For example, this command displays information about the i-000015b9 instance
that runs on the np-rcc54 node:
.. code-block:: console
$ euca-describe-instances
i-000015b9 at3-ui02 running nectarkey (376, np-rcc54) 0 m1.xxlarge 2012-06-19T00:48:11.000Z 115.146.93.60
#. Query the Compute database for the status of the host. This example converts
an EC2 API instance ID to an OpenStack ID. If you use the :command:`nova`
commands, you can substitute the ID directly.
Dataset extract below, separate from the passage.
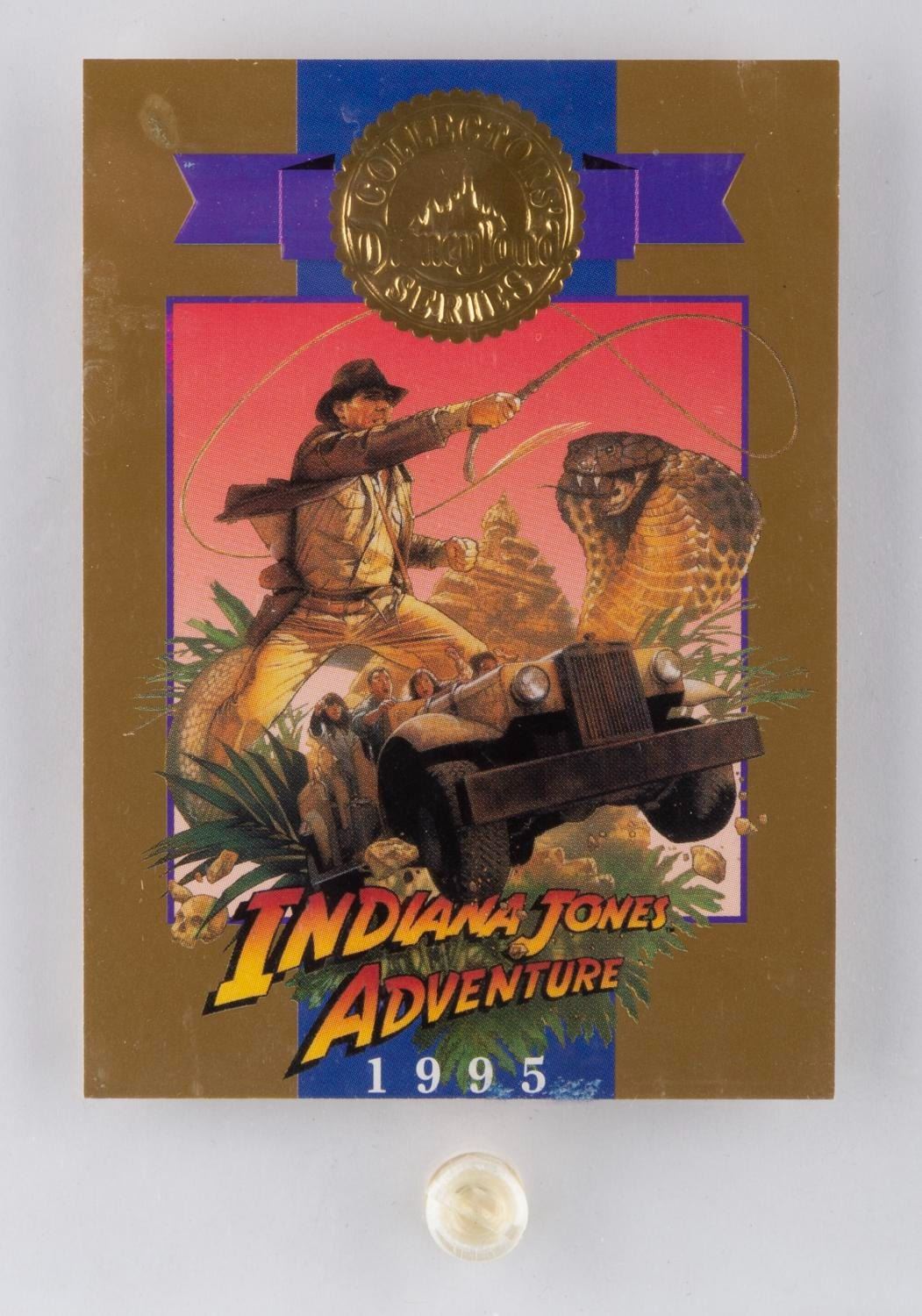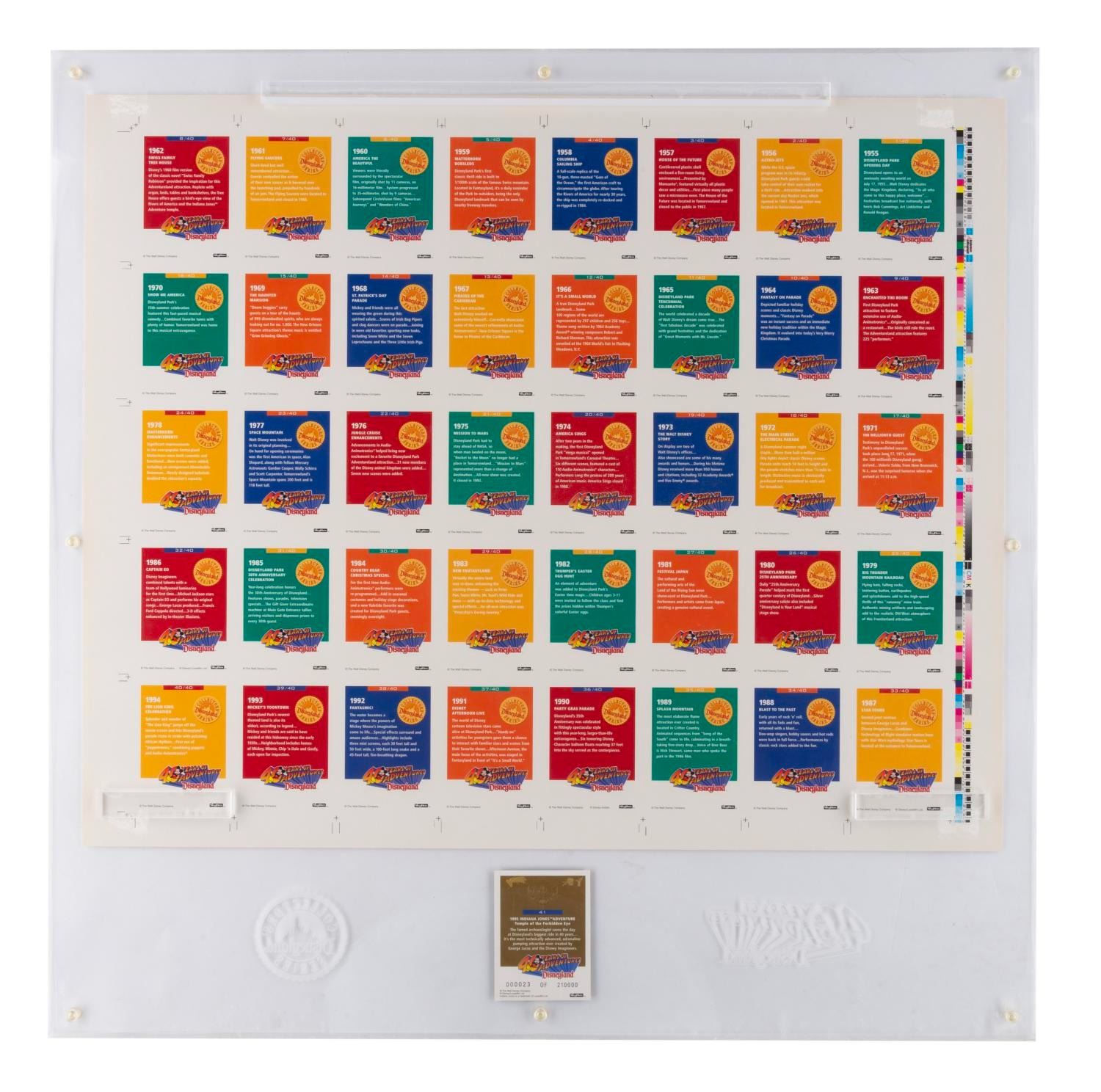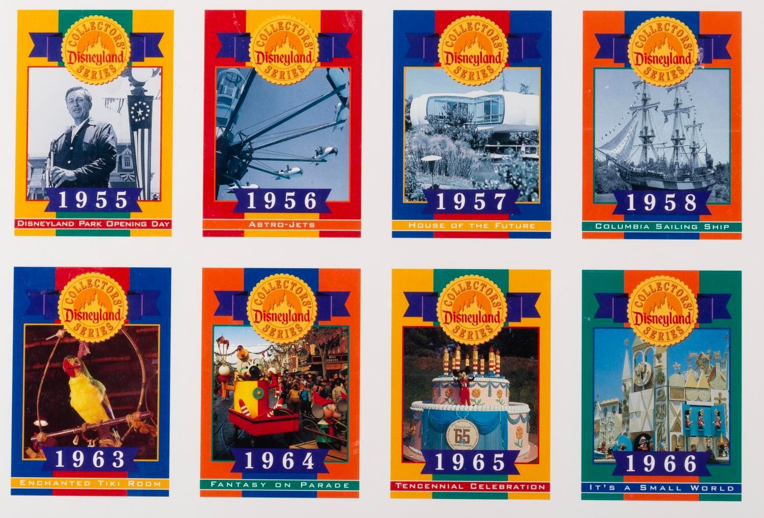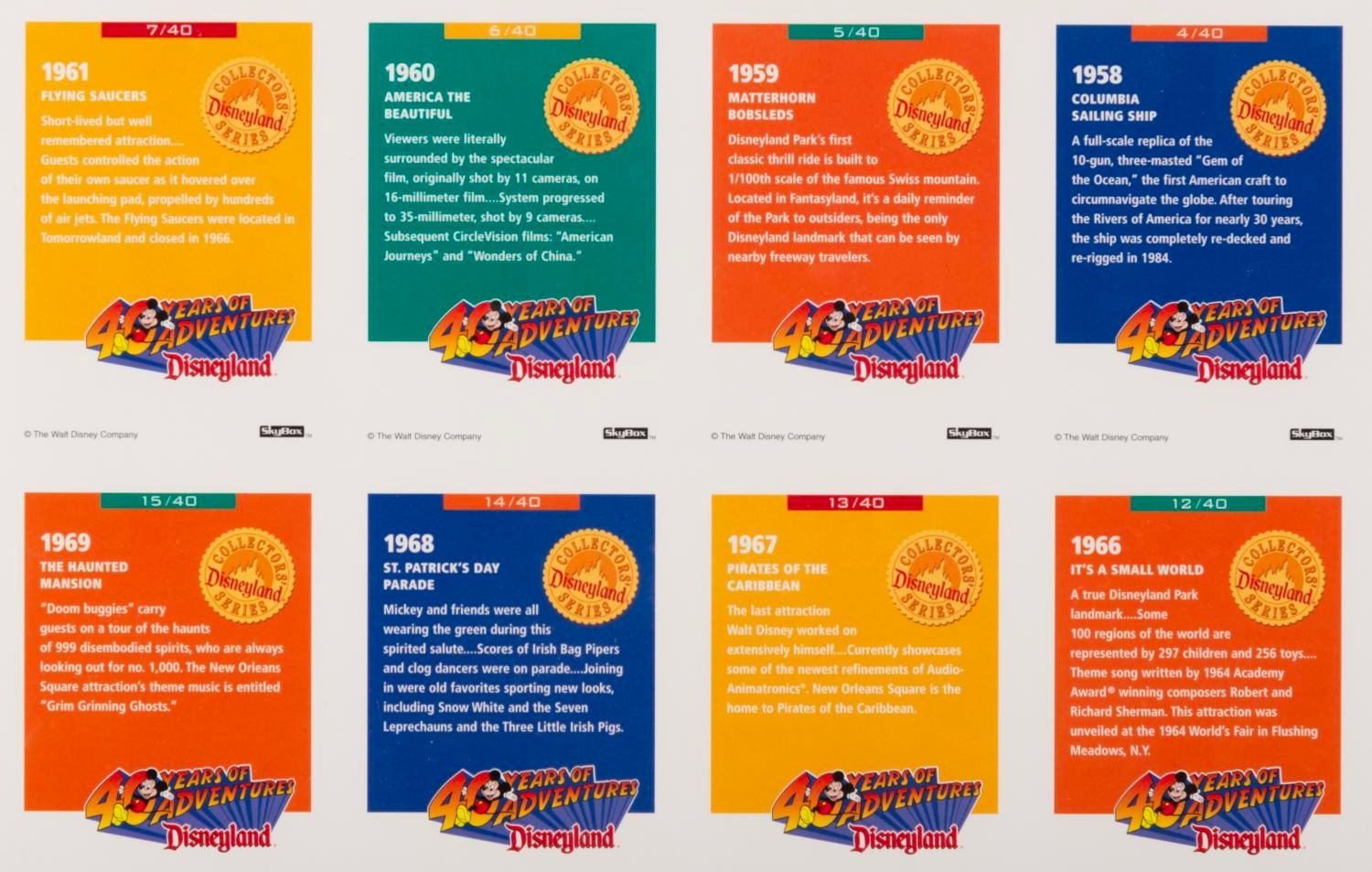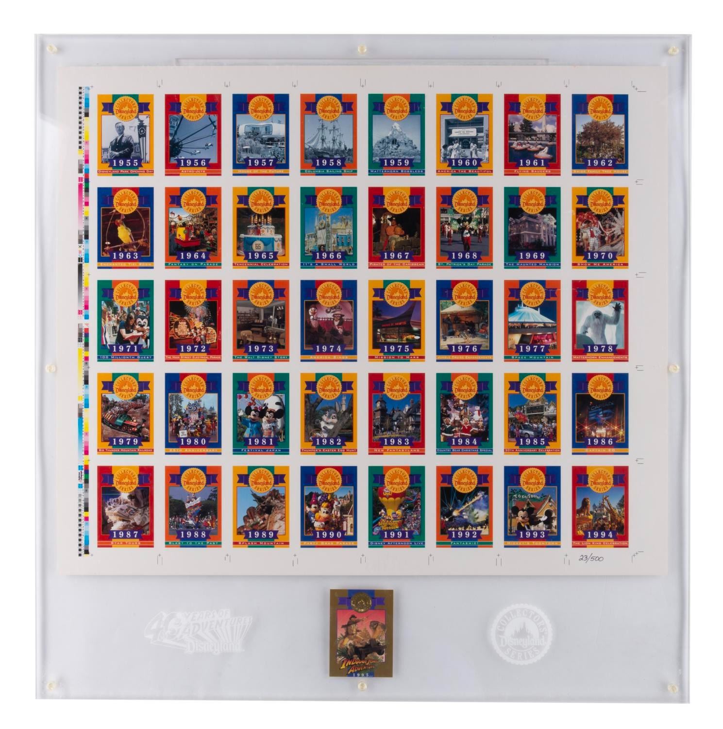 (Disneyland, 1995) An 40 Years of Adventures card set housed in a plexiglas display, numbered 23/500. The original 40 cards were available to purchase in a deck, while the 41st card, themed to Indiana Jones Adventure, was only available in the Park the day before the attraction opened. Measuring 20.25” x 24.25” in a 26.25” x 26.75” display, the uncut card set appears in fine condition, while the display is in good condition with heavy scratches, scuffs, and wear.

This example output is
truncated:
.. code-block:: none
mysql> SELECT * FROM instances WHERE id = CONV('15b9', 16, 10) \G;
*************************** 1. row ***************************
created_at: 2012-06-19 00:48:11
updated_at: 2012-07-03 00:35:11
deleted_at: NULL
...
id: 5561
...
power_state: 5
vm_state: shutoff
...
hostname: at3-ui02
host: np-rcc54
...
uuid: 3f57699a-e773-4650-a443-b4b37eed5a06
...
task_state: NULL
...
.. note::
Find the credentials for your database in ``/etc/nova.conf`` file.
#. Decide to which compute host to move the affected VM. Run this database
command to move the VM to that host:
.. code-block:: mysql
mysql> UPDATE instances SET host = 'np-rcc46' WHERE uuid = '3f57699a-e773-4650-a443-b4b37eed5a06';
#. If you use a hypervisor that relies on libvirt, such as KVM, update the
``libvirt.xml`` file in ``/var/lib/nova/instances/[instance ID]`` with these
changes:
- Change the ``DHCPSERVER`` value to the host IP address of the new compute
host.
- Update the VNC IP to ``0.0.0.0``.
#. Reboot the VM:
.. code-block:: console
$ openstack server reboot 3f57699a-e773-4650-a443-b4b37eed5a06
Typically, the database update and :command:`openstack server reboot` command
recover a VM from a failed host. However, if problems persist, try one of these
actions:
- Use :command:`virsh` to recreate the network filter configuration.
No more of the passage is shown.